Solve $ord_x(2) = 20$

Question

Given that the (multiplicative) order of $2$ mod $x$ is $20$, how can I work out what $x$ is?

Answer 1

We seek $x$ such that $2$ has order $20\pmod x$. To do that, we first address the congruence $$2^{20}\equiv 1\pmod x$$

As $2^{20}-1=3\times 5^2\times 11\times 31\times 41$ we see that we are looking for $x$ that can be assembled from those terms. we then have to eliminate the orders $2,4,5,10$ (aka the non-trivial divisors of $20$). Clearly we need $x>20$

The smallest candidate is $x=25$. We easily verify that $2^{10}-1=1023\equiv 23\pmod {25}$ (the smaller exponents can be ruled out by inspection). Thus the order of $2\pmod {25}$ is $20$ as desired.

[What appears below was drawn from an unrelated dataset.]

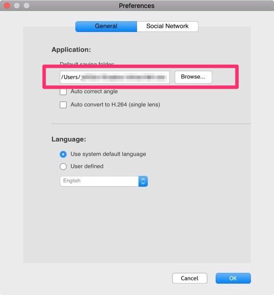 Under Gear360 > Preferences menu, set the folder where you’ll want to store your stitched/processed 360s. (It’s called “Default saving folder”)
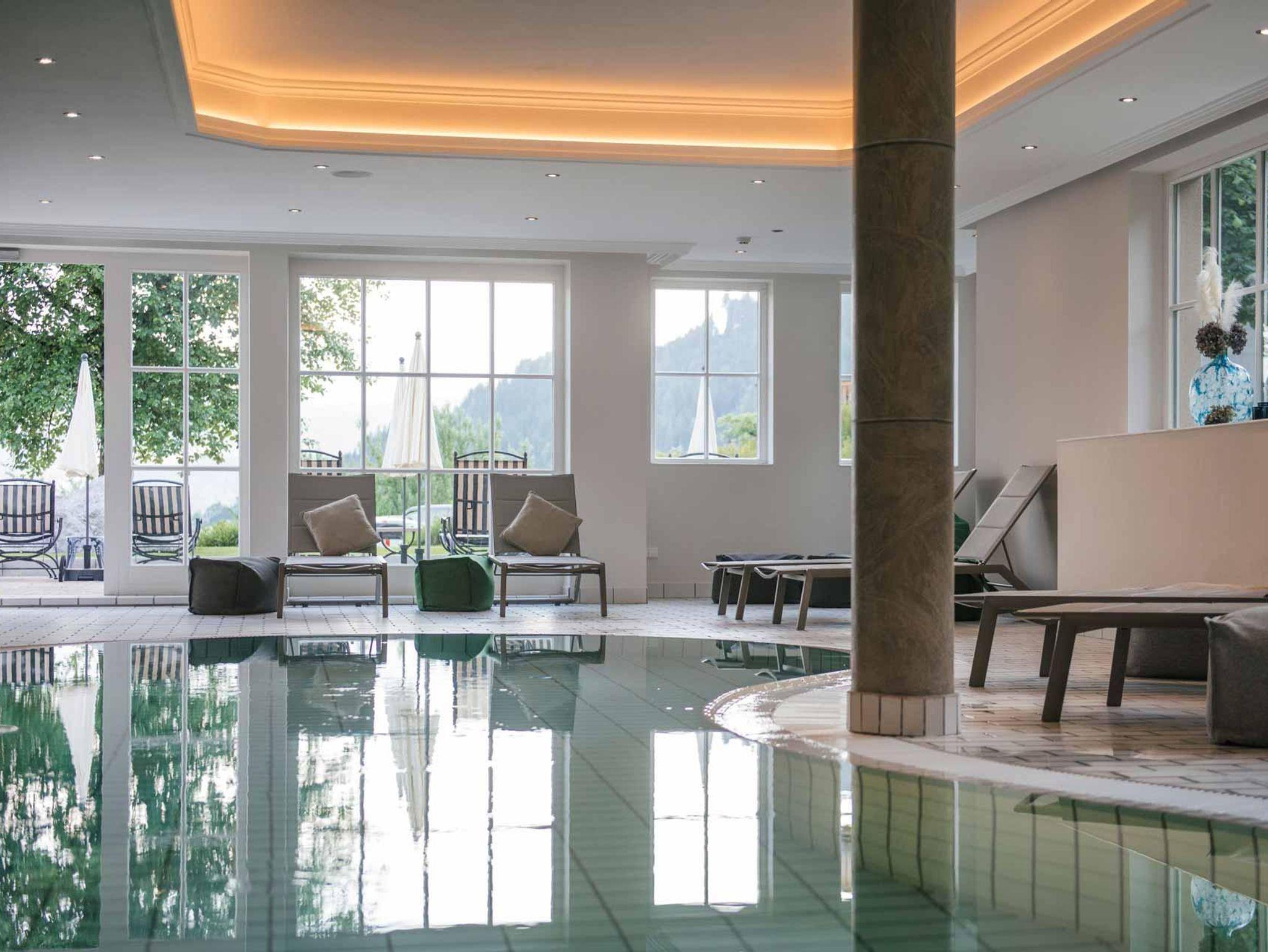 Während Ihres Aufenthalts haben Sie freien Zugang zu unserem Wellnessbereich mit Hallenbad, Sauna, Sanarium, Dampfbad, Regenbogen Dusche, Infrarotkabine, Ruheräume, geräumigen Ruhekojen, Freibad im Schlösslgarten (Sommer).

If you want a prime example, then $x=41$ works (it's the only one). Brute force reveals that $2^{10}-1\equiv 39 \pmod {41}$ and again the smaller candidates can be ruled out by inspection. That suffices.

The case of general exponent can be solved similarly...as you can imagine, it becomes difficult if $a$ is large.

Answer 2

Method 1:-

From Euler Totient Function(or theorem) we know-

$$a^{\phi(n)}\equiv1\pmod n$$ for $\gcd(a,n)=1$

Here you have,$2^{20}\equiv1\pmod n$.

Comparing the two equations we have,$\phi(n)=20$.Try to find $n$ from it.

Method 2:-

We know that for all $n$,$(a-b)|(a^n-b^n)$ and $a^n-b^n$ is also divisible by $a+b$ if $n$ is odd.

So,We need to find $x$ such that $x|2^{20}-1$

Note that $2^{20}-1$ can be written as $2^{20}-1^{20}$.

This can be written in the following forms-

$(2^5)^4-(1^5)^4$ Hence,$n=2^5-1$ is a factor.

$(2^{10})^2-(1^{10})^2$ Hence,$n=2^{10}-1$ is a factor.

$(2^4)^5-(1^4)^5$ Hence,both $2^4-1$ and $2^4+1$ are factors.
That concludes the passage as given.